Direct attach is probably easier, but could potentially interfere with production operations. It's also not always possible, particularly when the crashes are random and hard to reproduce. You can't use a crashdump if the process is stuck (100% cpu, or just not responding and not progressing). You have to attach a debugger directly.
Setting up the post-mortem debugger can work well, but it's an intrusive system-wide change. (Use drwatson.exe to revert to the default crash handler afterwards). Not all Visual Studio editions support being used as the post-mortem debugger, and it won't work if PostgreSQL is running as a service in a separate user account.
Crash dumps (minidumps) work well for intermittent, hard to reproduce crashes. You can also use crash dumps if you need to send the debuggable crash dump to somebody else for examination. Unlike direct attach, crash dumps are supported by the free Express editions of Visual Studio. Do not just send a crash dump to someone and assume they can do something with it; you should normally extract and send a stack trace. Only send a crash dump if asked.
Tools:
- Microsoft Visual Studio Professional - supports both crash dumps and direct attach, very easy, but costs $
- Microsoft Visual Studio Express 2010 - supports both crash dumps and direct attach after enabling "Expert Settings"

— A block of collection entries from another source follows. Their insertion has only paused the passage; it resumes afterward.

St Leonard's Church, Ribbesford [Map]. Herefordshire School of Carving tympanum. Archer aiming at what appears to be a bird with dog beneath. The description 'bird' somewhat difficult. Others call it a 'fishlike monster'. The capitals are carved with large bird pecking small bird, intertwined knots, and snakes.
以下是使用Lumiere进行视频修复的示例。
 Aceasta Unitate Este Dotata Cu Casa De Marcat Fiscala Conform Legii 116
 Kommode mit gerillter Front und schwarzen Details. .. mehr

- Microsoft Visual Studio Express 2012 for Windows Desktop - supports both crash dumps and direct attach, very easy
Process Explorer
- only useful for getting the status of a backend without interrupting it, for tracking down apparent infinite loops etc.windbg
from Debugging Tools for Windows - supports both crash dumps and direct attach, somewhat less than user friendly
If you have Microsoft Visual Studio, use that. It's the easiest and best option.
If you can't use Visual Studio, use Process Explorer for stack traces of running processes. For all other work, install Visual Studio. windbg is not a tool suitable for normal humans.

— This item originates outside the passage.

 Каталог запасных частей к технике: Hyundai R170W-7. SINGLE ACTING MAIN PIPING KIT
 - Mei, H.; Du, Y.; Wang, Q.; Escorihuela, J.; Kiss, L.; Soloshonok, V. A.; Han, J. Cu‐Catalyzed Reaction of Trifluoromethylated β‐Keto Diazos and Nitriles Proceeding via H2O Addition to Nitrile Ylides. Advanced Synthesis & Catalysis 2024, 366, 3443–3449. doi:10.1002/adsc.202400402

Installing Debugging Tools for Windows and Process Explorer
Microsoft Windows does not come with built-in debugging tools. You will need to install the Debugging Tools for Windows. These are no longer available as stand-alone packages, you must install them using the Windows SDK installer. If you like you can disable installation of everything except the debugging tools. See also here.
Once you have installed the Debugging Tools for Windows, you'll need to do a little bit of setup so you can get useful stack traces.

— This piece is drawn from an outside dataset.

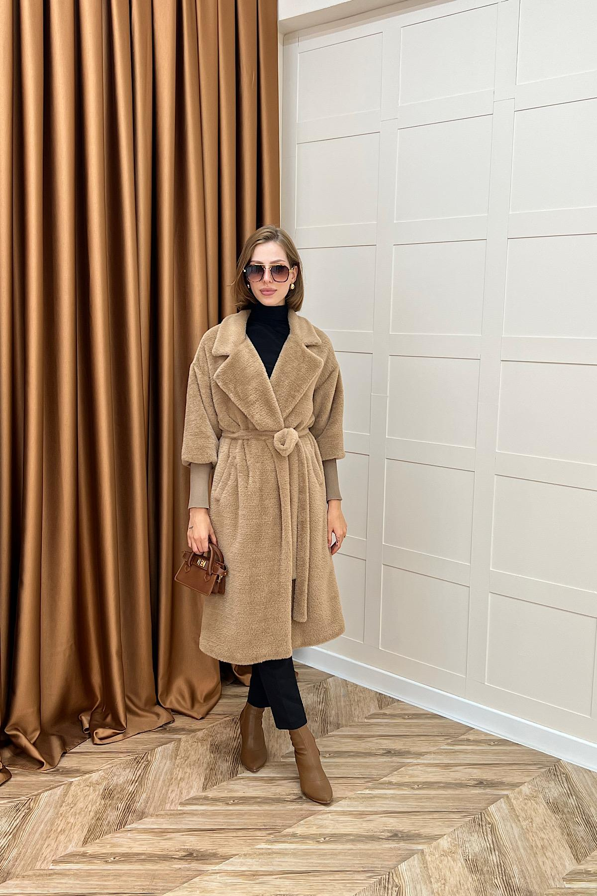 Angora Premium Kumaş Kaban Vizon (5519-VIZON)
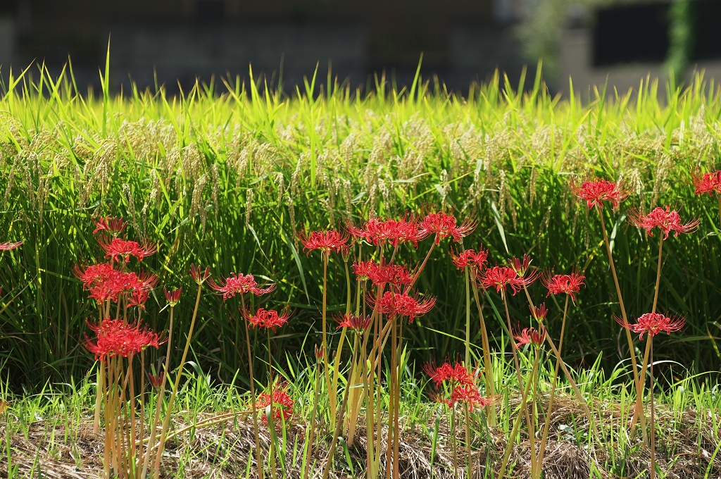 刈入間近の稲と

Note: The instructions below assume your copy of Windows is installed on c:
so you may have to adjust them if this is not the case.
You will might also want Process Explorer from the Sysinternal suite. Sysinternals is useful, Process Explorer particularly so. Process Explorer can be used to get stack traces showing a snapshot of the state of a running PostgreSQL process for when you're tracking down apparently "stuck" queries.
Configuring the symbol path
First, you need to set the symbol path. First you have to figure out what it is, since it depends on the version of PostgreSQL you've installed, the language of your version of Windows, and where PostgreSQL was installed to. What you need to find is the location of the symbols
folder inside the PostgreSQL install directory. If you've used the EnterpriseDB 1-click installer for PostgreSQL 9.4 and you're using an English version of Windows, it'll be:
C:\Program Files\PostgreSQL\9.4\symbols
I'll assume that's the case in the following instructions, so adjust the path shown to match your system if required.
To set the symbol path, you'll need to use the System control panel. You can get to this quickly and conveniently with all versions of Windows by holding down the Windows key and pressing the BREAK key (it's often under the Pause key). You can also find it in the Control Panel; you may need to search for "system". If you can't find it, open the Start menu and click "Run" then enter "sysdm.cpl" and press enter.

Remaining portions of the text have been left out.